Congratulations, fam. You survived 2016.
It was so bad that I think it needs to be a skill we should all have on our CVs. Anyway, while we were celebrating New Year’s Day with relatives and friends, other people were spending it in the bathroom, crying because of heartbreak.
In this episode of Relationships That Suck, here are a couple of stories that you may have heard in the pipelines recently: A young South African woman was traumatised when she realised that her boyfriend of seven years dumped her over a month-or-so affair with a secretary at his new job. Now, this heartbroken woman cooked for him, cleaned for him, bought him new curtains and pots for his house, alles, all while neglecting her family at home. I know you’re judging her, because she did everything a wife is supposed to do for her husband, just to get dumped with absolutely nothing to show for it, but wow.
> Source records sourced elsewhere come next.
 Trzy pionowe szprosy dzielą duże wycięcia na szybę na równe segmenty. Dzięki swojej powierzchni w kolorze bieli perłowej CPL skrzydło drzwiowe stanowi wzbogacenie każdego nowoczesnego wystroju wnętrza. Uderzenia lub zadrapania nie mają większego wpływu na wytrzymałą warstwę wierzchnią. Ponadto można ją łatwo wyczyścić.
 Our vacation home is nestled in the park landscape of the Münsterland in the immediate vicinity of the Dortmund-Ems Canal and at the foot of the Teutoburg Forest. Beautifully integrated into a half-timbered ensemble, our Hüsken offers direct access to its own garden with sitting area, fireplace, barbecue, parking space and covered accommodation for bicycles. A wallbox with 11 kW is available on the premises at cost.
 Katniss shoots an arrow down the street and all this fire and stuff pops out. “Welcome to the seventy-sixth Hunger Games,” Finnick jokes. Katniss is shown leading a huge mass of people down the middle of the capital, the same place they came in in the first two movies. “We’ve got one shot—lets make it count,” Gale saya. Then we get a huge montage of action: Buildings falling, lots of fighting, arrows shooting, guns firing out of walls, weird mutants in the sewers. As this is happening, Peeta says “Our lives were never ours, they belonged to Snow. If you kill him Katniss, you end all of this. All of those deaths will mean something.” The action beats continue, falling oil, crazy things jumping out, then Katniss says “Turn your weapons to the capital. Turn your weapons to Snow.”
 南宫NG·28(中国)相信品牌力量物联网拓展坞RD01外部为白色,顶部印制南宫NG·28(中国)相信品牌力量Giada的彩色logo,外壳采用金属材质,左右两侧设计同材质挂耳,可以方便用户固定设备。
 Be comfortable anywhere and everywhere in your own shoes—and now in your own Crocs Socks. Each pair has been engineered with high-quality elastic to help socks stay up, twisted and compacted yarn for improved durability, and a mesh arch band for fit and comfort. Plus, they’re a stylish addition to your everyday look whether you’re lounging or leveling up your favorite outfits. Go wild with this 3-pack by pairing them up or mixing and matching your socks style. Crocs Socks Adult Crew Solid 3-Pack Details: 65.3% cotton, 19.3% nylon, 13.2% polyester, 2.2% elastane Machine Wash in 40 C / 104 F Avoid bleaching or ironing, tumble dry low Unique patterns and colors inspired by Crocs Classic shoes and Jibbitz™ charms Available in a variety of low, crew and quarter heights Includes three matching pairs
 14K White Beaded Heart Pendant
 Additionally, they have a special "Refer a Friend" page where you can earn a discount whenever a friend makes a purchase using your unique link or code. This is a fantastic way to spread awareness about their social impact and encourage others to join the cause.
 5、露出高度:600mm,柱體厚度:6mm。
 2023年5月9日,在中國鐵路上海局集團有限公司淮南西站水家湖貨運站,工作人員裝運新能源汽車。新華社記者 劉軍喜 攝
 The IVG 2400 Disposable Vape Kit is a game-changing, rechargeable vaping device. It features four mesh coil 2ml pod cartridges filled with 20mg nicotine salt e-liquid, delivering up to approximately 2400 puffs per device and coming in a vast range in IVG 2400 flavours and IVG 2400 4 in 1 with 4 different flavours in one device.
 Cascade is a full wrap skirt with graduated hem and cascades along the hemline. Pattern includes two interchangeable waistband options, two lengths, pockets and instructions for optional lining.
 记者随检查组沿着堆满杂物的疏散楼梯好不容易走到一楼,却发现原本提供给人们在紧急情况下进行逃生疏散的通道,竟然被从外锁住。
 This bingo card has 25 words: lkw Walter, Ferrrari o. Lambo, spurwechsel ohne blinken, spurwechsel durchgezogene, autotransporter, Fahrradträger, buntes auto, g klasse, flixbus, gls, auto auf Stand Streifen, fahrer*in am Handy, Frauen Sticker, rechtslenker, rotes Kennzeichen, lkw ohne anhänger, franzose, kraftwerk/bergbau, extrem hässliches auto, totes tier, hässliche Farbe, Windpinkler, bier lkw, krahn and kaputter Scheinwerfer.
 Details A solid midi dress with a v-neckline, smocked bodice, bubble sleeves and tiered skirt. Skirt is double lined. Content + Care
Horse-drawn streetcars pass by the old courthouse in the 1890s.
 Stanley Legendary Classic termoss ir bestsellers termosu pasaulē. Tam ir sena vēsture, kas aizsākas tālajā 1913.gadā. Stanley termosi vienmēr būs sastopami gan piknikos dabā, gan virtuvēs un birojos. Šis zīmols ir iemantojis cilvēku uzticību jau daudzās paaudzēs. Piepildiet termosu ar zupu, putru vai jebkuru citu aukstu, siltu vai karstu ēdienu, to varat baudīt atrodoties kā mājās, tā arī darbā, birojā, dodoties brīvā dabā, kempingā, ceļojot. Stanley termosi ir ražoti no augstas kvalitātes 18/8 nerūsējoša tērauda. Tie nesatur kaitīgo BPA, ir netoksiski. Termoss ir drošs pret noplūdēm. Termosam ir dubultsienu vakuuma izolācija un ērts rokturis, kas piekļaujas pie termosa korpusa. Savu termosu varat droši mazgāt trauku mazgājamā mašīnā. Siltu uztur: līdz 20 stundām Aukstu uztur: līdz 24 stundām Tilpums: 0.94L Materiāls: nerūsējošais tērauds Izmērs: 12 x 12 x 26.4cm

If that isn’t sad, I don’t even know what to tell you. It’s like that saying you hear but never really understand until you’re in that situation: Kamma “why buy a cow when you can get milk for free?” Shame, tog, poor woman. And what must happen? Seven years of your life given to a man just to get nothing in return.
Did he really love her or was he just interested in all the benefits? I think that’s pretty cruel, hey. Talk about wasting someone’s time…
Then there was a picture that appeared on social media about an American woman who posted a photo with two promise rings on her finger. Now people are finding promise rings sketchy little objects and it’s summed up in this question: Why give me a promise ring when you can marry me?
But let’s go into the history of the promise ring for a moment: Promise rings date back to 16th century England in the form of posy rings because they were engraved with poems, while acrostic rings became more popular in Georgian and Victorian times.
But their popularity peaked recently with the intention being to show your full commitment to a relationship. It can mean anything between you and your partner, but from what society says, it’s basically a pre-engagement ring. I can understand one promise ring. OK, sure, that’s all well and dandy. Maara two? What are we promising? Someone on Twitter said “it’s a promise to promise to make another promise”. What kind of standard is this? No, guys. Let’s be better people and either marry the person or don’t. That’s it.
If you thought that was bad, well, that’s not the end of it. While scrolling through Twitter recently, a South African woman was infuriated on her friend’s behalf when she found out that her partner appeared on the popular television show ‘Date My Family’, even though they were together.
How do you just appear on a dating show when you know you’re in a relationship? I’m sorry for her, but how nonsensical is that, bra? Where is the respect?
Now I must be in the sitting room with the whole family and watch my life fall apart as you choose another woman? If that isn’t traumatising, then I really don’t know what is, hey.
There’s more though, and I had to save this one for the last. A British woman was arrested recently for stabbing her boyfriend because he ate all of her fried chips and didn’t leave anything for her. This is a real story. Anger issues on fleek! From what the reports say, she even returned to his house the next day and cut his hands, guys.
Use this year to reevaluate your relationships by asking one of the most important questions: Are you happy? And take it from there.